Namun, mengenai identitasku, aku mohon agar kamu menjaga kerahasiaannya dan
tidak memberi tahu orang lain."
"Aku mengerti. Oh, ya, Tuan
Suci, Joshua adalah orang yang sangat pendendam. Dia baru saja mengalami
kerugian besar. Meskipun saat ini keadaan dapat ditekan, dia tidak akan
menyerah begitu saja. Kamu harus sangat hati-hati," kata Yudhistira.
"Aku tahu," balas Adriel.
"Selain itu, aku dengar bahwa
dua hari lagi kamu akan bertarung dengan Jayson di Danau Singkarak. Jayson
tidak lemah, apakah kamu perlu aku memberikan tekanan kepadanya agar dia
membatalkan duel?" tanya Yudhistira.
Adriel melambaikan tangannya dan
berkata, "Tidak perlu. Aku tidak bisa mengalahkan Joshua, apakah aku masih
tidak bisa mengalahkan Jayson? Jika dia ingin bermain, aku akan
menemaninya."
Setelah selesai berbincang, Adriel
bertukar nomor telepon dengan Yudhistira dan turun dari mobil.
Setelah turun dari mobil, Adriel juga
tidak tinggal di rumah sakit, melainkan langsung pergi dengan mobilnya.
Kalau tidak, jika Joshua marah dan
langsung menyerangnya, dia sendiri juga tidak bisa melawannya.
Setibanya Adriel di rumah, ada orang
yang mengetuk pintu.
Dia menggunakan kemampuan tembus
pandangnya untuk melihat siapa yang datang, ternyata itu adalah Jessy.
Melihat Jessy, Adriel teringat akan
peringatan ibunya, Shalina, tentang percakapan sebelumnya.
Seandainya sikap Shalina lebih baik,
mungkin Adriel masih bisa memberikan sedikit toleransi terhadapnya sebagai
seorang ibu.
Namun, sikap sombong Shalina membuat
Adriel sangat tidak senang.
Jadi, Adriel membuka pintu untuk
Jessy.
Begitu pintu dibuka, Jessy langsung
melompat ke pelukan Adriel dan menangis.
"Ada apa? Kenapa kamu
menangis?" tanya Adriel.
Adriel merasa bingung, bagaimana bisa
dia langsung menangis seperti ini?
"Adriel, kamu baik-baik saja aku
sudah merasa senang. Aku sangat khawatir terjadi sesuatu padamu, aku sangat
takut," kata Jessy sambil memeluk Adriel dengan erat.
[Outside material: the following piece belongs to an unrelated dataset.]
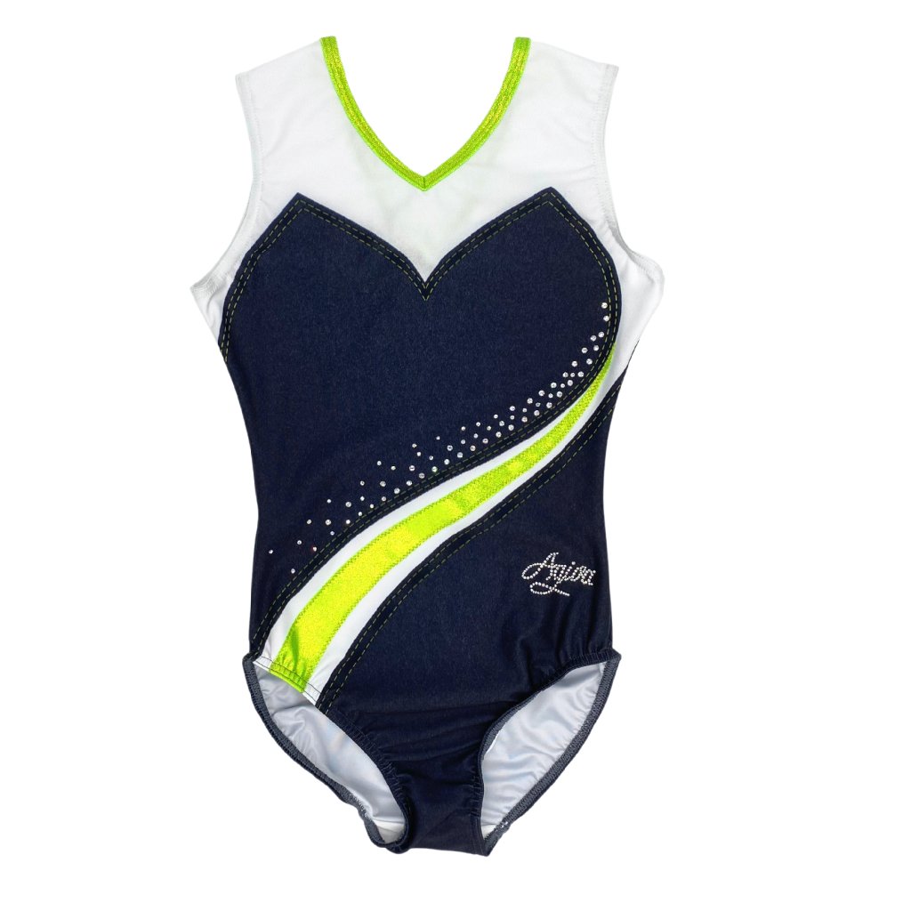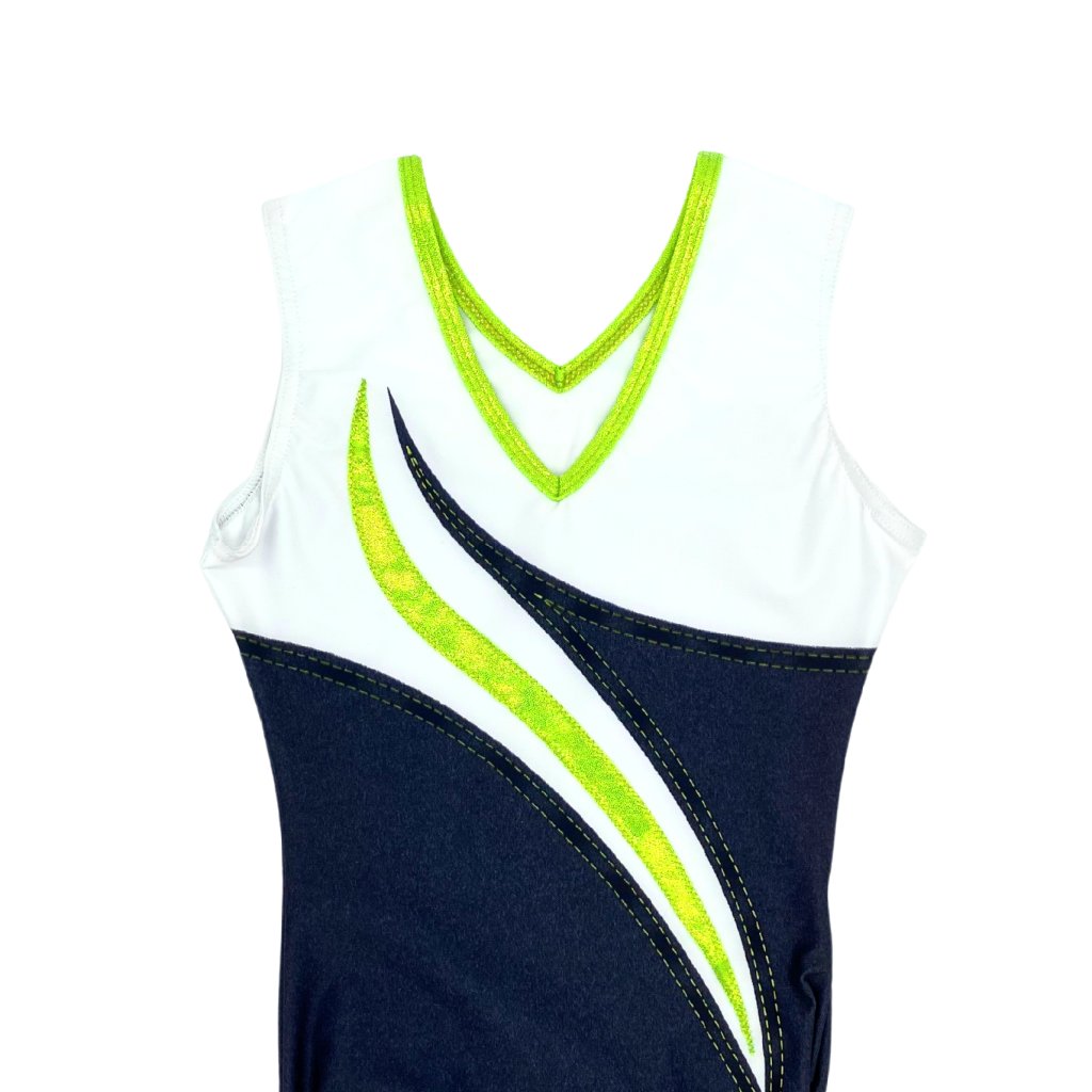 Závodní či tréninkový dres bez rukávů, z kombinace tmavě modré matné látky. Látka je v odstínu "jeanů". Dres se doplněn aplikacemi v jasně zelené a bílé kombinaci. Na přední části dresu je aplikace ze stříbrných strassových kamínků. Výstřih je vpředu i vzadu mírně do V a je lemován třpytivou zelenou barvou "kiwi".

"Apa yang bisa terjadi padaku?
Jangan menangis, ayo masuk," kata Adriel sambil mendorong Jessy dan
membawanya masuk ke rumah.
Setelah memasuki rumah, Jessy segera
mengungkapkan kecemasannya, "Kamu harus segera meninggalkan Kota Silas.
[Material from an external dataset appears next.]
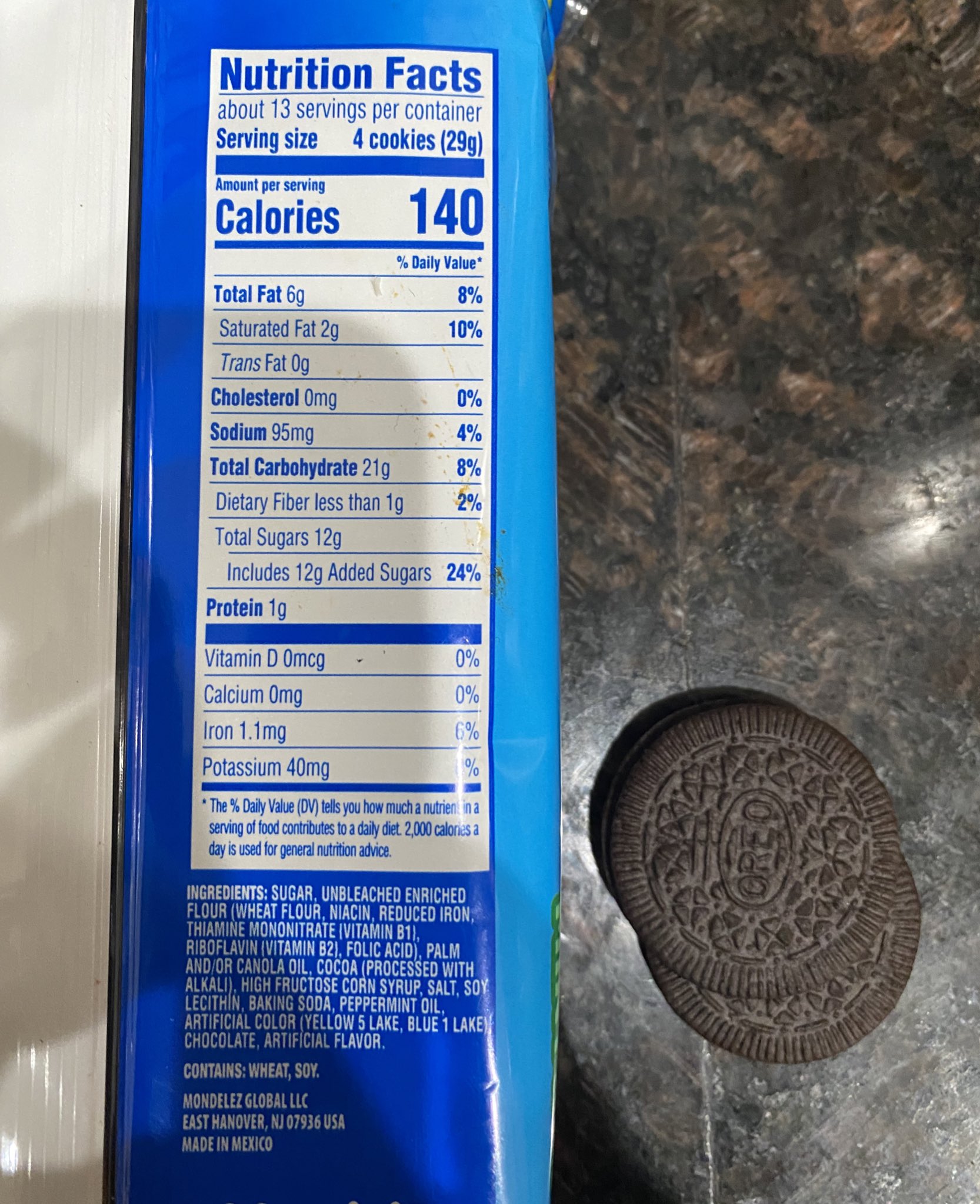 Food label of oreos

Ibuku bilang kamu telah melukai Benny dan membuat keluarga Herman marah. Kamu
pasti akan mengalami kesulitan. Kamu tidak bisa lagi tinggal di sini. Tadi aku
melihat banyak tentara garnisun sedang memeriksa jalan, jadi kamu harus segera
mencari cara untuk pergi."
Adriel bisa melihat bahwa Jessy
benar-benar khawatir tentang dirinya, jadi dia segera datang untuk
memberitahunya.
"Ibumu pasti ingin aku cepat
mati, 'kan?" kata Adriel dengan sedikit senyum sinis.
Jessy menggigit bibirnya. Memang,
Shalina meneleponnya dan mengatakan bahwa Adriel telah membuat marah Joshua dan
akan mendapat masalah besar. Jessy diminta untuk segera pulang dan keluarga
Buana harus menjauh dari Adriel.
"Memang ibuku sedikit prasangka
terhadapmu. Semua ini karena aku menyukaimu," kata Jessy.
"Aku tahu, dia baru saja
berbicara denganku hari ini dan meminta aku untuk menjauh darimu," kata
Adriel sambil tersenyum.
Jessy terkejut mendengarnya, lalu
wajahnya menunjukkan amarah yang memberontak.
"Kenapa dia harus seperti ini?
Sejak kecil, segala sesuatunya selalu diatur olehnya, aku tidak pernah memiliki
kebebasan. Sekarang aku sudah dewasa, bahkan siapa yang aku suka pun harus
diatur olehnya. Hidupku selalu dikendalikan oleh dia. Aku tidak mau, aku tidak
bersedia!" teriak Jessy dengan penuh amarah.